Improving Current Treatments. Despite the great results of TKI therapy in chronic phase CML, many trials are looking at further optimization. Research includes
- Determining which chronic-phase patients should receive which TKI as initial therapy
- Establishing the best time to switch patients to second-line therapy
- Finding out whether deeper responses are achieved when other agents are added to TKIs
- Preventing and/or predicting long-term side effects of TKIs
- Determining which patients can successfully discontinue TKI therapy
New Drug Therapies. TKIs treat CML by targeting the BCR-ABL protein that directs the growth of the leukemia cells. It is not uncommon, however, for CML not to respond, to respond partially, or to become resistant to these drugs. ABL001 is an investigational drug designed to deactivate the BCR-ABL protein. Currently, TKI treatments target the BCR-ABL protein, but ABL001 targets a different location on the protein. Researchers are also studying the drug rebastinib. Rebastinib is a new TKI that is also designed to overcome imatinib resistance by binding to a different location on the BCR-ABL protein. Rebastinib may work against resistant mutations including the T315I mutation.
Disease Eradication Strategies. Even after it seems as though CML has been successfully treated, a very small number of leukemia stem cells may remain in the patient’s blood and marrow. This condition is referred to as “minimal residual disease” (MRD). These stem cells appear to be resistant to TKI therapy. This has led to strategies aimed at targeting the stem cell signaling pathways that are involved in the cells’ survival. Researchers are trying to obtain a better understanding of the mechanisms leading to CML leukemic stem cell survival. One area of research involves inhibitors of a protein called “smoothened” (SMO). The inhibitors are expected to target the SMO protein found on CML stem cells while sparing normal blood stem cells. A number of additional pathways are being studied, and there are ongoing efforts to assess their importance in CML patients.

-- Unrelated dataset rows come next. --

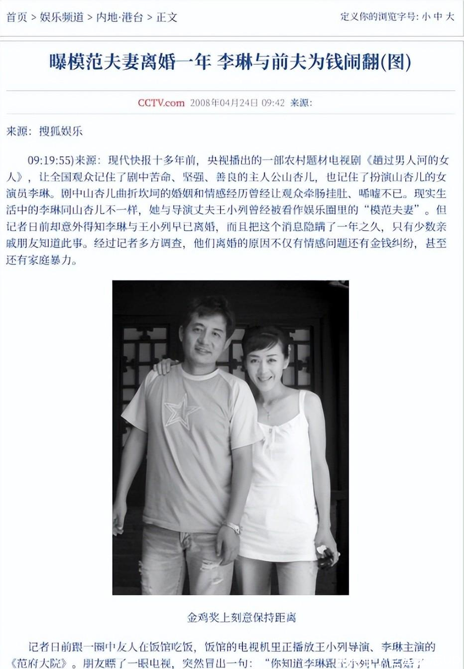 信息起原:搜狐文娱2008.4.24——曝圭臬配偶仳离一年李琳与前夫为钱离散
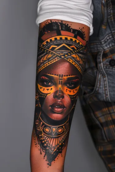 This striking forearm tattoo showcases a powerful African Queen with rich brown skin, piercing eyes, and intricate tribal face paint in warm orange and yellow tones. Her head is wrapped in patterned fabric that blends perfectly with the detailed background, featuring bold geometric shapes and cultural motifs. The design flows beautifully down the arm, with layered necklaces and delicate ornamentation completing the regal look. The contrast between the deep black ink and the vibrant colors makes everything pop, especially her commanding facial expression.
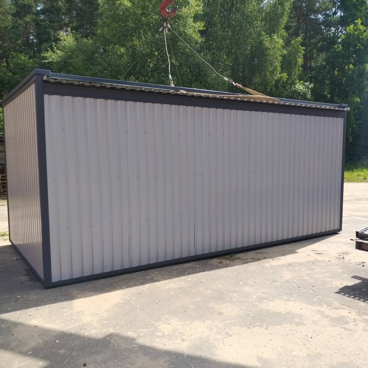 Кровля – профлист. Строение может набираться из нескольких модулей, которые легко и герметично стыкуются между собой.
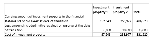 There are two investment properties at the date of transition and no additional properties were acquired since transition. The total cost of the land included within investment property is CU50,000 split CU25,000 to investment property 1 and CU25,000 to investment property 2. Assume the 2 properties were purchased at the same time on 1 January 2011. Assume that investment property 2 was disposed of on 30 June 2016 and at that date the carrying amount was CU253,977 which equated to the sales price at that date.
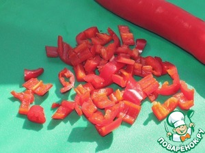 Мелко порезать перец, под струёй воды, удалить семена. Лучше делать это в перчатках.
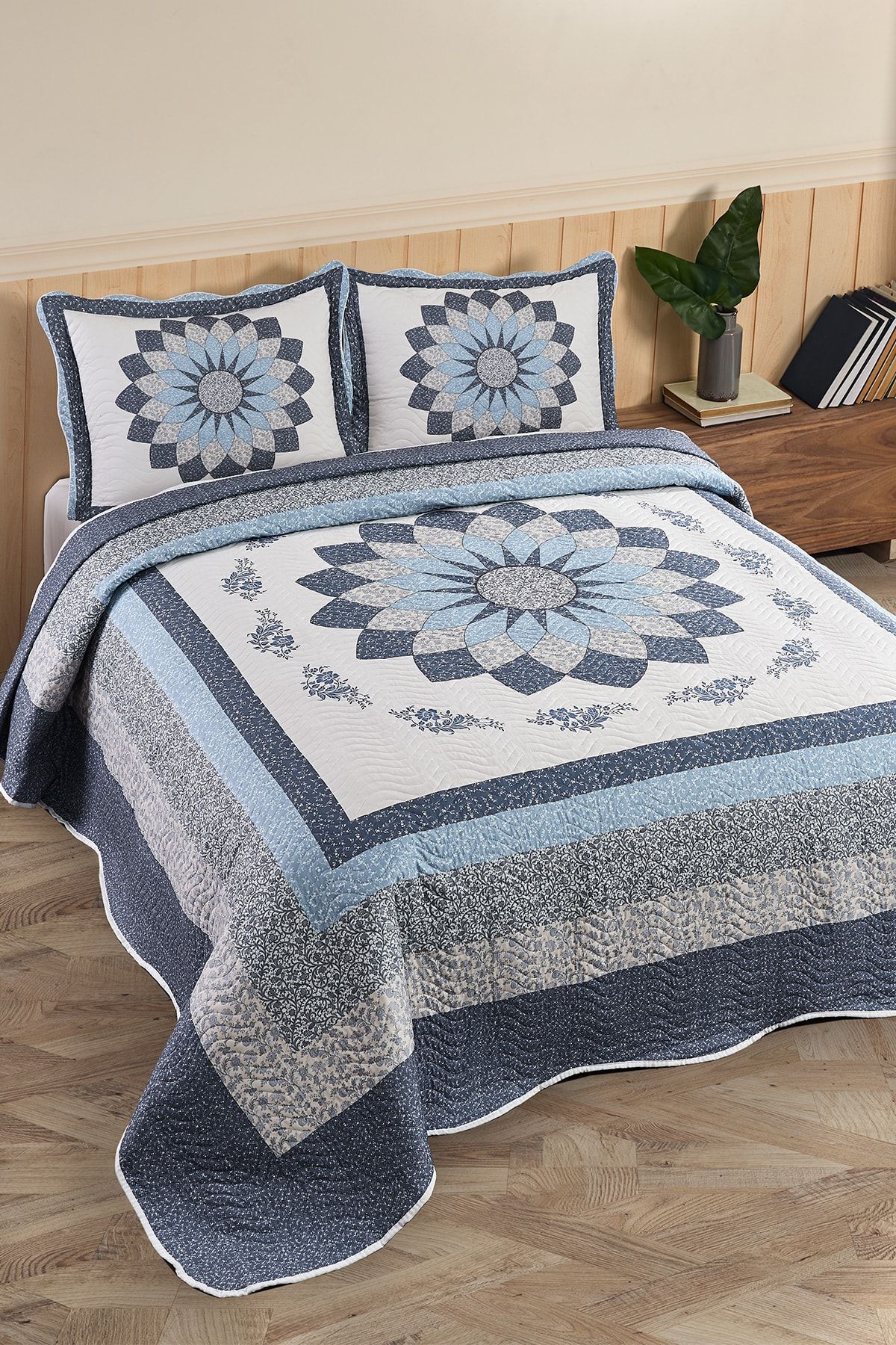 Örtüm Gloria Mavi Çift Kişilik Kapitone Yatak Örtüsü
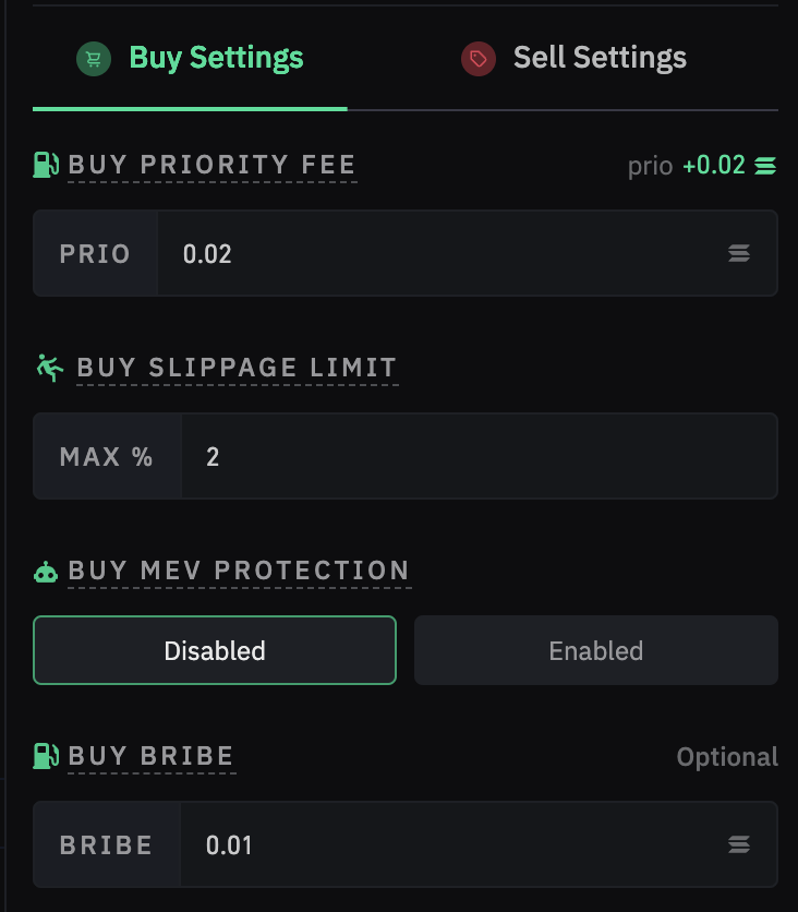 📸 Screenshot: Configuring Trading Strategy on BullX
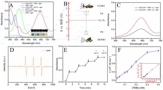 To evaluate the oxidase-like activity of TAS-COF, three typical chromogenic substrates TMB, APTS, or OPD prepared in HAc-NaAc buffer (0.2 mol L−1) were mixed with TAS-COF (0.2 mg mL−1) and exposed to the irradiation from a white-light LED lamp. As shown in Figure 2A, after 10 min irradiation, obvious color changes (blue for TMB, green for APTS, yellow for OPD) were observed for the substrates, and the absorption maxima were 650 nm, 410 nm, and 445 nm, respectively, corresponding to the characteristic absorption of oxTMB, oxAPTS, and oxOPD, respectively. These suggest the excellent oxidase-like activity of TAS-COF under visible light irradiation, and the ability of TAS-COF to catalyze the oxidation of the above colorless substrates under visible light stimulation. Figure 2B depicts the band alignment of TAS-COF. The DFT calculation results indicate that the LUMO position of TAS-COF (−1.32 V vs. Ag/AgCl) was lower than the oxygen’s reduction potential (−0.33 V vs. Ag/AgCl), indicating that the electrons in the LUMO of TAS-COF could theoretically reduce O2 to generate O2·− []. Meanwhile, the absence of oxygen (N2-saturated experiment) caused a significant absorbance signal decrease in oxTMB (Figure 2C), suggesting oxygen dissolved in the water played an important role in the process of oxidation []. In order to prove this presumption, electron paramagnetic resonance (EPR) spectroscopy was conducted with 5,5-dimethyl-1-pyrroline-noxide (DMPO) as the O2·− radical trapping agent. As depicted in Figure 2D, TAS-COF exhibited a significantly O2·− signal under the while-light LED lamp irradiation. Meanwhile, the oxidase-like activity of TAS-COF to TMB presented a staircase-like behavior with the successive “on-off” of light irradiation, demonstrating its light-triggered catalytic activity (Figure 2E).
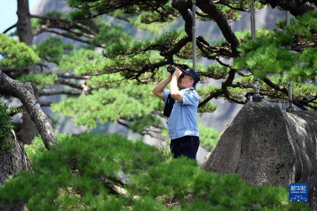 8月14日,胡曉春在例行巡查中用望遠鏡查看迎客松情況。
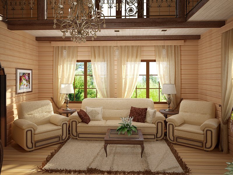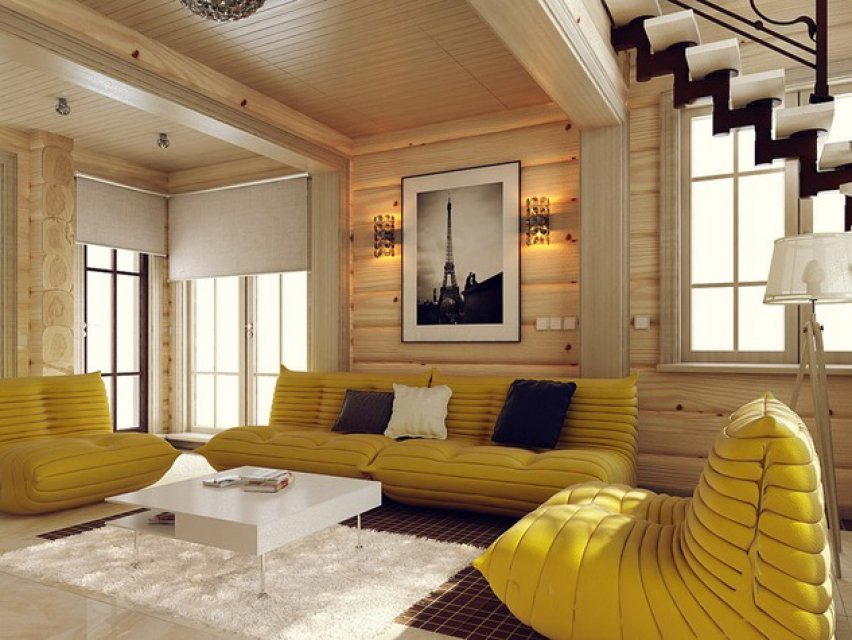 El interior de la casa a partir de vigas encoladas +50 fotos
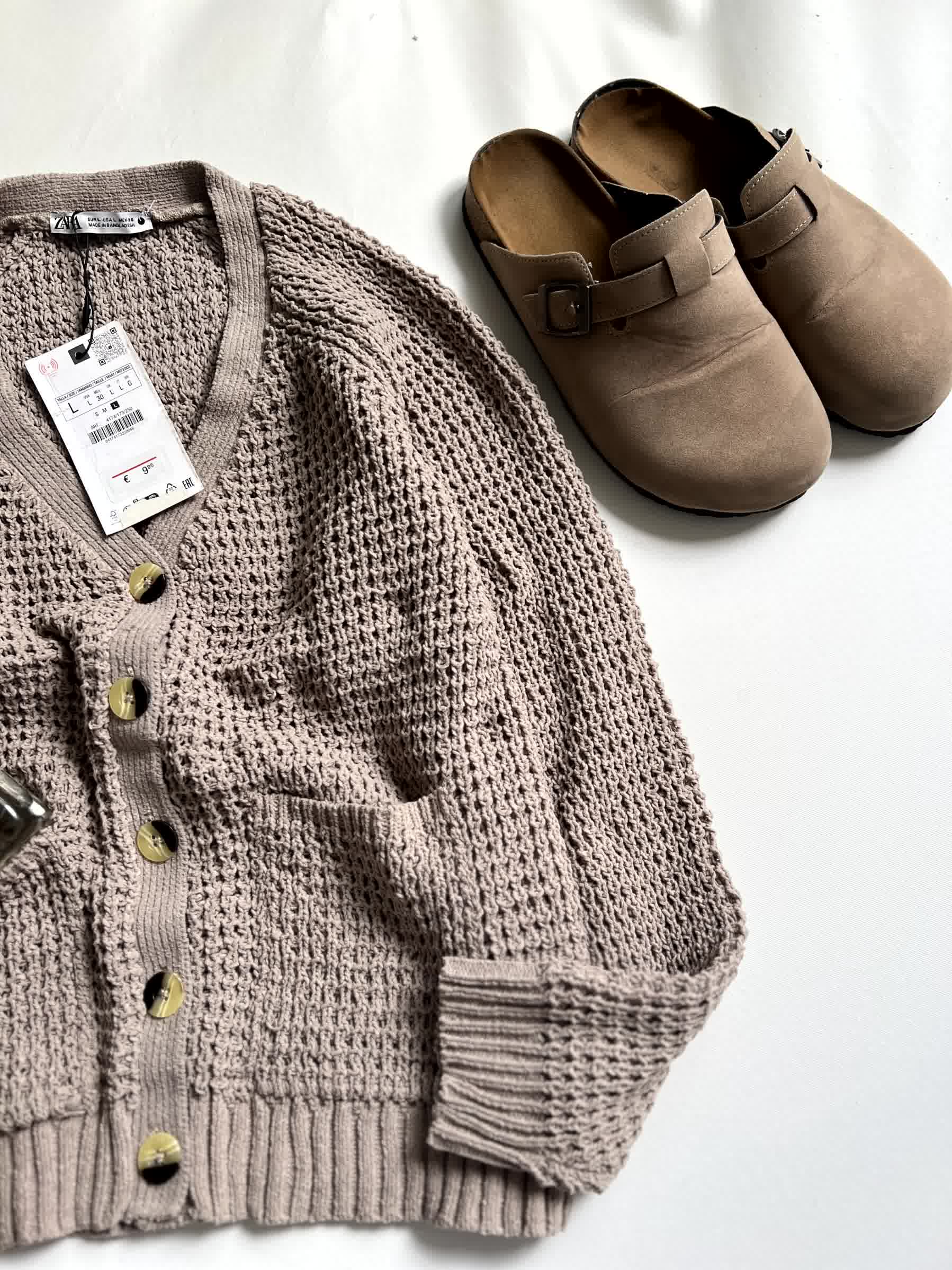 خانه لباس زنانه کاردیگن جیبدار نسکافه ای 0125
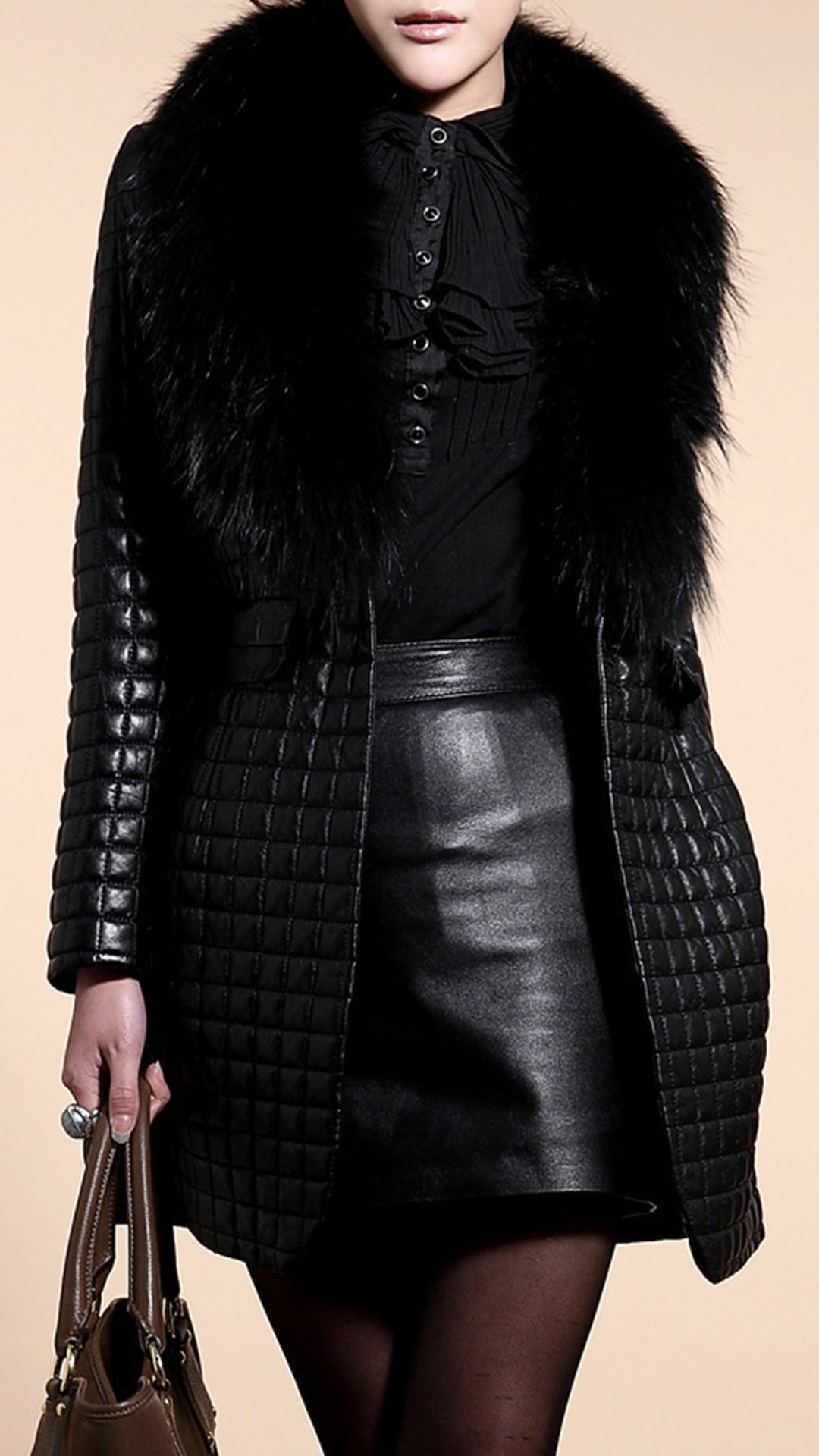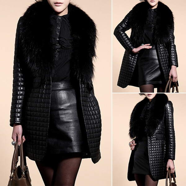 Fashion Artificial Fur Spliced Collar Long Sleeve Diamond Pattern Artificial Leather PU Jacket
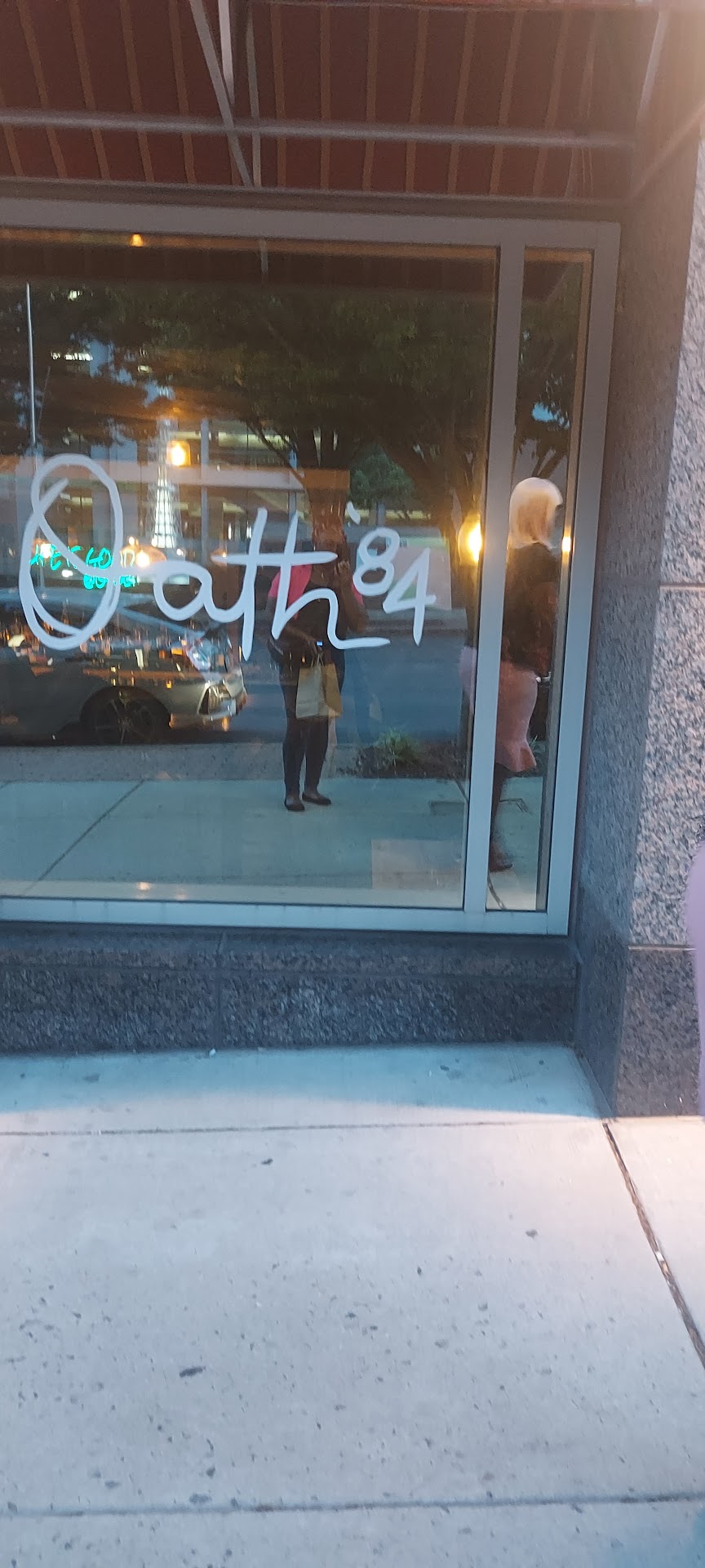 My wife and I braved a snowstorm, two hours, and icy roads to celebrate her birthday at Oath 84, and it was worth every white-knuckled mile. Arriving past sunset, we snagged a prime spot out front – a tip: street parking fills fast after 6 PM, so reservations are your best bet (which we wisely had).
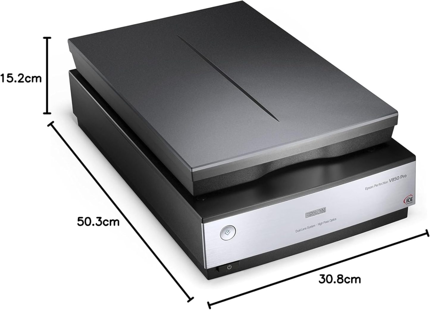 Epson Perfection V850, professioneller Fotoscanner, Scanner zum Digitalisieren von Fotos, Vorlagen, Dias und Negativen, Flachbettscanner mit hoher Auflösung, schwarz/silber
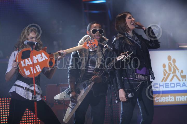 MÉXICO, D.F., 19OCTUBRE2008.- Se realizo una emision mas del reality show de los sueños sangre por sangre, en la imágen el cantante Pee Wee canta con Dulce Maria durante su participación en la emisión. FOTO: SÁSHENKA GUTIÉRREZ/CUARTOSCURO.COM
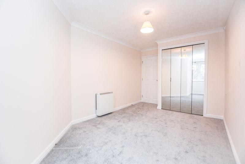 Accessed from the private entrance hallway, there is a sizable bedroom. With carpet flooring and painted walls, this space benefits from a mirrored, built in wardrobe that provides ample storage, as well as a wall mounted electric heater and a double glazed window towards the rear elevation, allowing plentiful natural light.
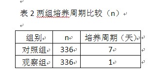 2.2從表2可見兩組試管經培養后,觀察組1天出結果,結果出的快,更好的確保滅菌效果。

TKI Discontinuation Studies. Treatment of CML with TKIs has advanced to a point where many patients achieve either very low or undetectable levels of the BCR-ABL gene in their blood. Researchers are studying whether some patients with deep and sustained molecular responses can safely discontinue TKI treatment and experience a treatment-free remission.
In one clinical trial, approximately 40 percent of CML patients who had achieved a complete molecular remission for at least 2 years were able to stop their TKI therapy without relapsing. Further, those who did relapse were able to restore remissions by resuming their TKI therapy. Additional research is still needed to establish criteria for safely ending TKI therapy. At this time, discontinuing TKI therapy should only be done within the confines of a clinical trial.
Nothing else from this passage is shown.